Invero, l’imputato eccepisce che la propria condotta – consistente nella mera fuga dai Carabinieri che gli avevano intimato l’alt – non può integrare il delitto di resistenza. Trattasi di deduzione del tutto generica e priva di concreti riferimenti alla motivazione concretamente adottata dalla sentenza impugnata che ha evidenziato come COGNOME “non si limitò a resistere passivamente agli agenti, che gli avevano intimato l’alt con i segnali acustici e lo inseguivano, ma pur di sottrarsi al controllo di p.g., in quanto privo della patente di guida, si diede ad una fuga spericolata e caratterizzata da manovre azzardate (consistite nel procedere a forte velocità, percorrendo strade caratterizzate dalla presenza di intersezioni), incurante del pericolo creato agli agenti che lo inseguivano ed agli altri veicoli che a quell’ora si trovavano per strada”. Condotta, questa, che quindi non si è esaurita in una mera “fuga”, ma è consistita in una serie di manovre finalizzate ad impedire l’inseguimento, così ostacolando concretamente l’esercizio della funzione pubblica e inducendo negli inseguitori una percezione di pericolo per la propria e altrui incolumità, chiaramente rientrante nel concetto di resistenza a pubblico ufficiale (in termini, v. Sez. 2, n. 44869 del 17/10/2019, Besana, Rv. 277765 – 01).

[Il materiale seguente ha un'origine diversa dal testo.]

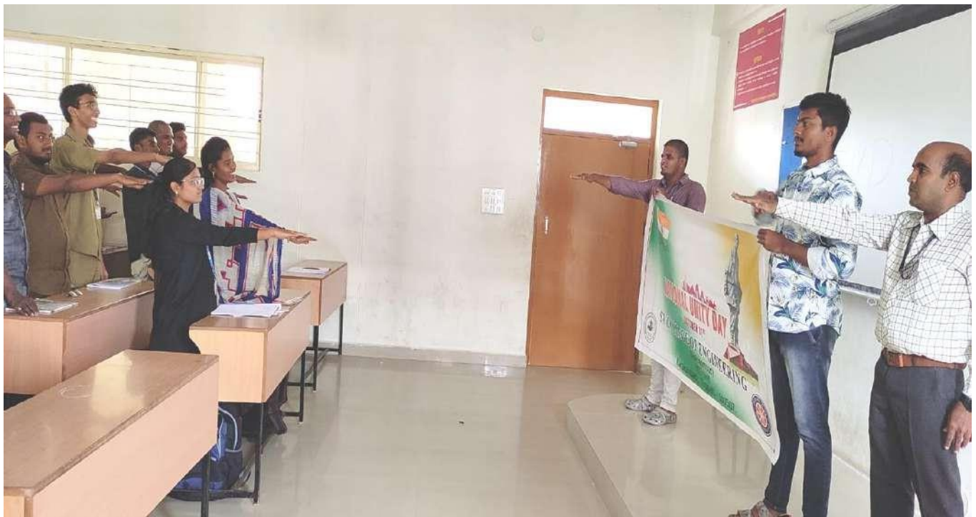
Pledge taking ceremony
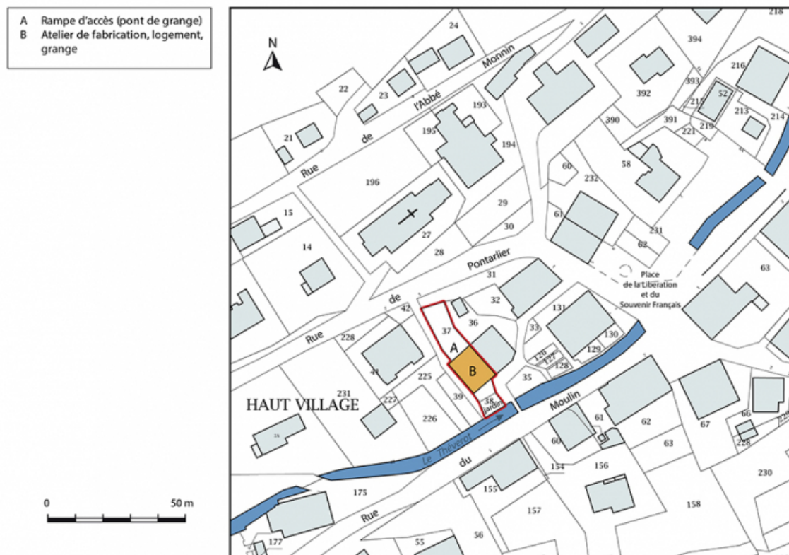
Plan-masse et de situation. Extrait du plan cadastral, 2017, section AB, 1/1 000.

Considerato che all’inammissibilità dell’impugnazione segue la condanna del ricorrente al pagamento delle spese processuali e di una somma in favore della cassa delle ammende, che si ritiene conforme a giustizia liquidare come in dispositivo.
P.Q.M.
Dichiara inammissibile il ricorso e condanna il ricorrente al pagamento delle spese processuali e al versamento della somma di tremila euro in favore della Cassa delle ammende.